Launched by FUNDACION CLINICA VALLE DEL LILI · Mar 7, 2025

Keywords

ClinConnect Summary

This clinical trial is studying a new treatment called TV5M01, which is a gel made from green tea and morphine, to help patients with head and neck cancer who experience painful mouth sores caused by radiation therapy. The trial aims to compare this new gel to a standard mouthwash treatment to see which one works better and is safer for patients. It will involve 40 patients who are undergoing radiation treatment and have developed sores that are at least mild in severity.

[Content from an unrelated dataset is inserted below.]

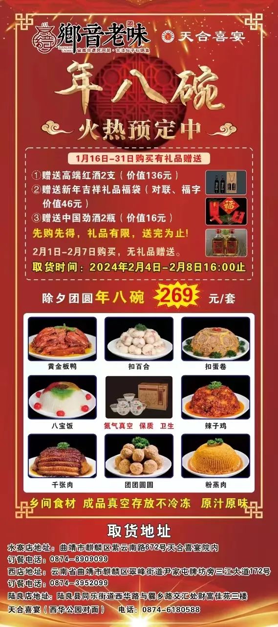 宣威为君开扣八碗年夜菜298元/套(不含配送费)

To be eligible, participants need to be adults aged 18 to 60 with certain types of head and neck cancer, scheduled to start radiation therapy, and able to swallow liquids and solids. They will apply the gel or mouthwash three times a day until their sores improve. Throughout the trial, researchers will monitor participants closely for any side effects and how well the treatments work, focusing on pain levels and overall quality of life. This trial is an important step in finding better ways to manage a common and painful side effect of cancer treatment, potentially helping patients complete their radiation therapy more comfortably.

Gender

ALL

Eligibility criteria

• Inclusion Criteria:
• • Age ≥ 18 years and \< 60 years
• • Diagnosis of HNSCC of the oral cavity, larynx, oro- and hypopharynx, diagnostic stage III-IV according to the AJCC 8th edition, scheduled to start radiotherapy
• • Ability to swallow solids and liquids before starting radiotherapy treatment
• Adequate contraception for both sexes:
• • For women: negative pregnancy test for women of childbearing age; must be surgically sterile, postmenopausal (defined as absence of menstrual cycle for at least 12 consecutive months), or comply with an acceptable contraceptive regimen during and 3 months after the treatment period
• • For men: must be surgically sterile or comply with a contraceptive regimen during and for 3 months after the treatment period
• • Performance status (ECOG) of 0-1, measured within 72 hours prior to treatment initiation
• • Expected life expectancy ≥ 6 months
• • Adequate renal function \[creatinine ≤ 1.5 times the upper limit of normal (ULN) or Glomerular Filtration Rate ≥ 50 ml/min\]
• • Adequate liver function \[total bilirubin ≤ 1.5 x ULN; AST or ALT ≤ 3 x ULN or ≤ 5 x ULN if due to tumor liver involvement\]
• • Provision of signed and dated informed consent before initiating any study-related procedure
• • Meeting the diagnostic criteria for grade 1 or higher mucositis according to WHO classification
• • Meeting the criteria for starting radiotherapy
• • Willing and able to participate in the trial and comply with all trial requirements
• Exclusion Criteria:
• • Patients not eligible for radiotherapy
• • Stomatological disease such as ulcers, edema, exudation in the oropharyngeal mucosa before radiotherapy
• • Women who are pregnant or breastfeeding
• • Patients allergic or sensitive to any of the compounds in the gel or study medications
• • Presence of lesions that completely occlude the upper digestive tract
• • Patients with a history of disorders, specifically those with psychotic psychiatric disorders such as schizophrenia, schizoaffective disorder, and delusional disorder, and substance/alcohol abuse
• • Patients participating or who have participated in another clinical trial in the last 30 days
• • Another uncontrollable, severe, hemodynamically unstable concurrent medical condition requiring urgent attention or threatening the patient's life
• • Receiving chemotherapy regimens with delayed toxicity within the last 4 weeks (six weeks for nitrosourea or mitomycin C) or continuous or weekly chemotherapy regimen with limited potential for delayed toxicity within the last two weeks
• • Any evidence of oral infection or disease in the oral cavity other than HNSCC
• • Any important medical disease or incidental abnormal laboratory finding that could increase the participant's risk in the study (based on the investigator's judgment)
• • Concomitant therapy with drugs that inhibit or enhance opioid action
• • Hypersensitivity to opioids, respiratory depression, obstructive airway disease, acute liver disease, seizure disorder, increased intracranial pressure, paralytic ileus, patients with known sensitivity to morphine, pheochromocytoma, acute asthma exacerbations, history of cardiac arrhythmia, heart failure.